Philip Bračanin (born 26 May 1942) is an Australian composer and musicologist.

Life
Bračanin was born in Kalgoorlie, the son of Croatian immigrants. HIs early musical studies were with Miss Olive Ruane, and he graduated from the University of Western Australia in 1962 with bachelor's degrees in mathematics and music.
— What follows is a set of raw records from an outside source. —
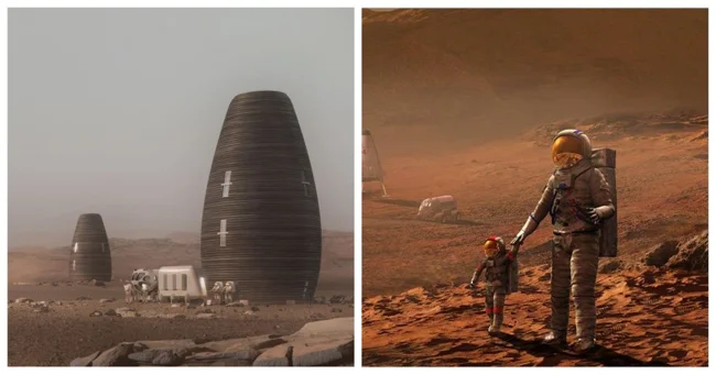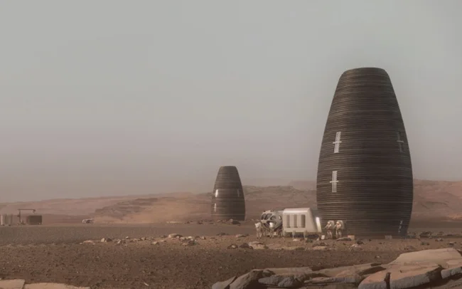 They will be printed on a 3D printer from Martian materials. According to the creators, this will allow the construction of buildings without being tied to cargo deliveries from Earth. Such a house has several floors, it can accommodate 4 people.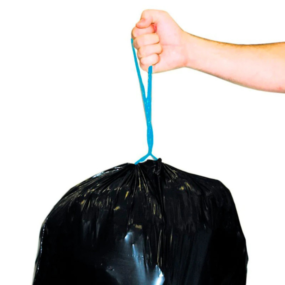 Saco plástico preto para lixo com fecho fácil. Embalagem de 6 unidades.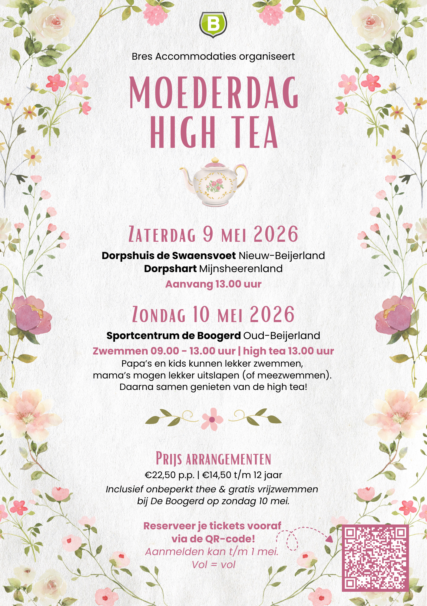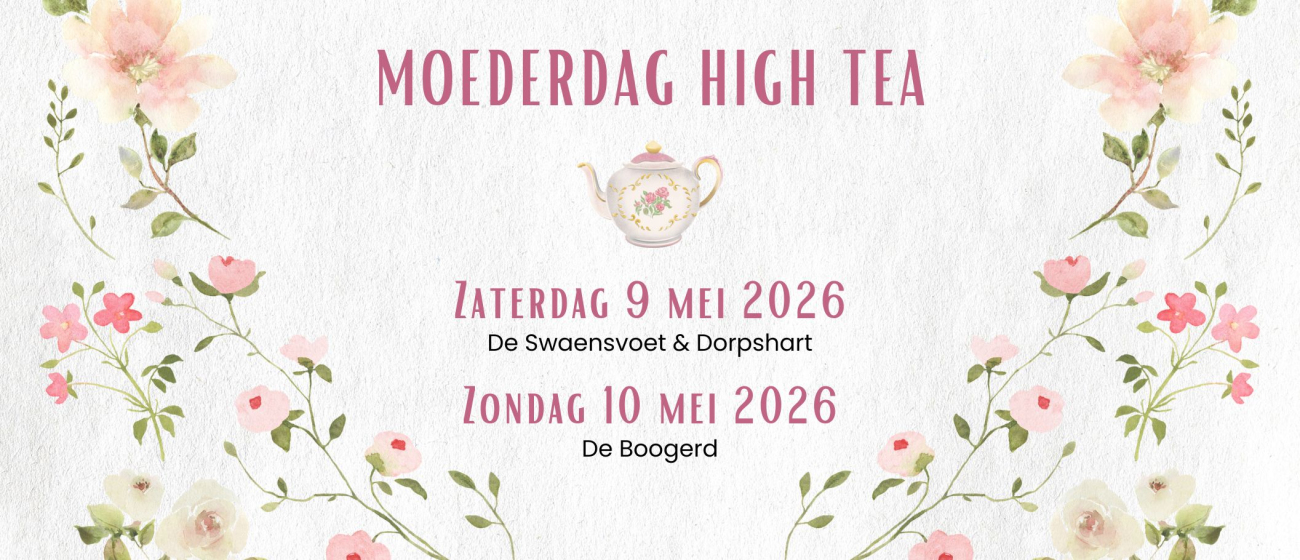 Bij De Swaensvoet in Nieuw-Beijerland en Dorpshart in Mijnsheerenland staat de high tea om 13.00 uur klaar. Geniet van een gezellige middag met zoete en hartige lekkernijen en natuurlijk onbeperkt thee. Extra leuk: bij deelname aan de high tea mag je op vertoning van je bevestigingsmail komen vrijzwemmen bij Sportcentrum de Boogerd op zondag 10 mei. Zo kun je er een compleet Moederdagweekend van maken!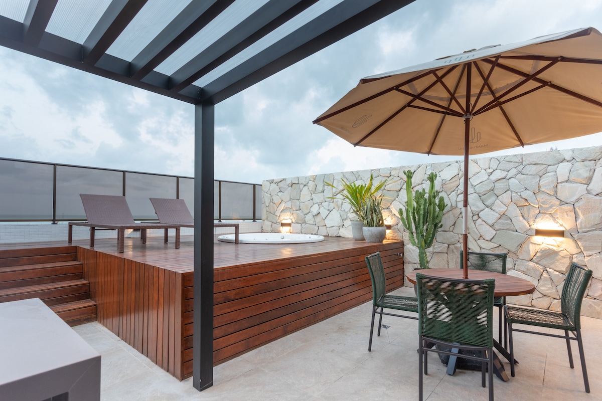 带按摩浴缸、烧烤设施和海景的顶层公寓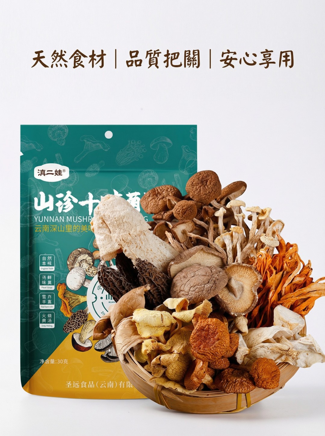 羊肚菌 | 蟲草花 | 竹笙 | 姬松茸牛肝菌 | 鹿茸菇 | 茶樹菇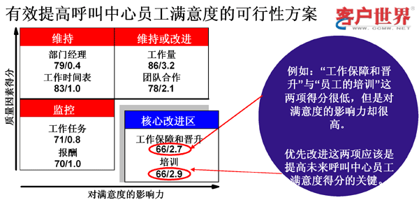 在满意度测评后,企业根据文中提到的优先矩阵方法进行分析,并采取不同的改进措施。如图2中列举的假设矩阵,对满意度分值低但影响力高的质量因素,如“工作保障和晋升”、“培训”等,这是导致耳唛天使们离职的根本原因,而且企业目前在这些领域的表现并不能让员工满意,企业必须重点改进;对满意度分值高而影响力也大的部分,如“工作量”和“团队合作”,说明呼叫中心在这方面做得不错,而且这部分对于员工满意度来说也是非常重要的因素,企业必须持之以恒、继续改进;而对满意度分值较低且影响力低的部分,如“工作任务”和“报酬”,虽然企业在这些领域目前做得也不好,但是和员工满意度的关系却不是最密切,企业需要做的只是实时监控,不需要分配资源进行改进;至于矩阵中员工满意度分值高而影响力弱的那部分,如“部门经理”和“工作时间表”,说明企业在这方面做得让员工尚且满意,但是这方面和员工满意度的联系相对较弱,所以企业只需要维持现状即可。
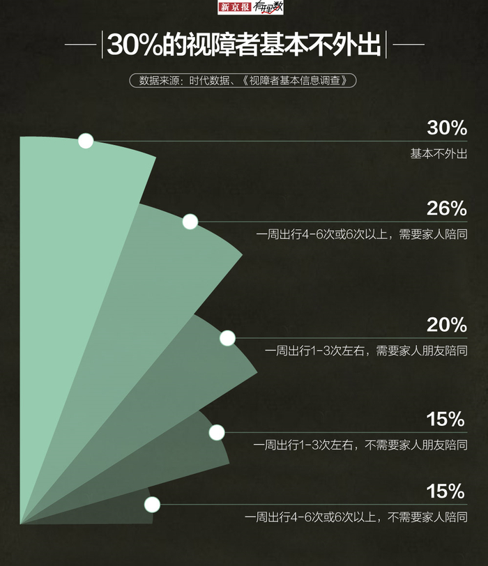 因此,待在家里不出门就成了无奈之举。据统计,有30%的视障者基本不外出,剩下的人也只能在家人有空陪同的时候每周出去几次。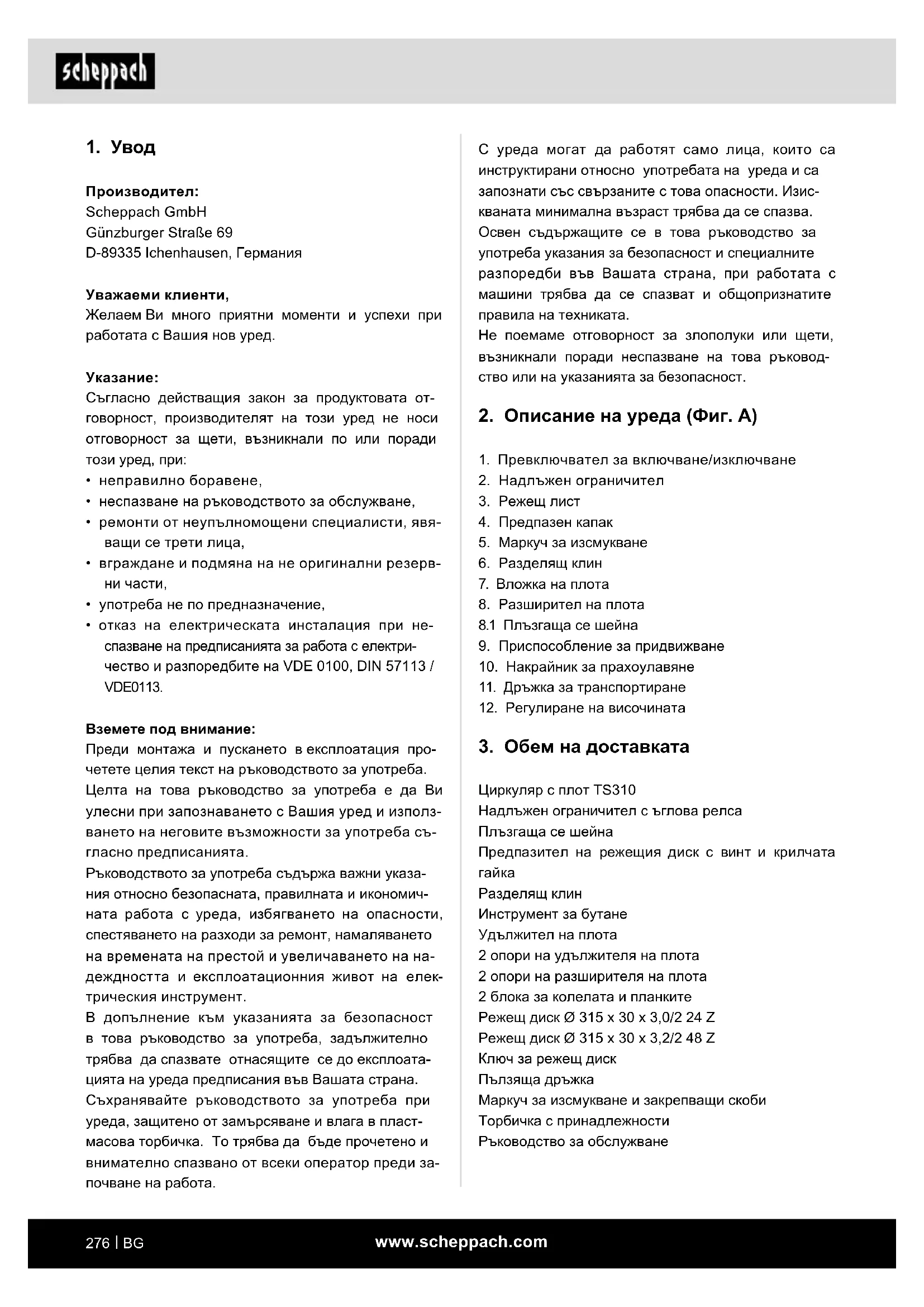 РЪКОВОДСТВО ЗА ПОТРЕБИТЕЛЯ TS310 SCHEPPACH

He pursued graduate studies at the same school in musicology specialising in analysis of 20th-century music, earning an MA in 1968 and a PhD in 1970. His master's thesis was on the music of Mátyás Seiber and his doctorate thesis was on the music of Anton Webern.  From 1970 to 2008  he served on the staff of the University of Queensland.   For 9 years he was Dean of the Faculty of Music and 10 years Head of the School of Music and is now Emeritus Professor.  Professor Bracanin served on the boards of the Australian Music Centre, Queensland Philharmonic Orchestra, Queensland Symphony Orchestra and 4MBS Classic Radio.   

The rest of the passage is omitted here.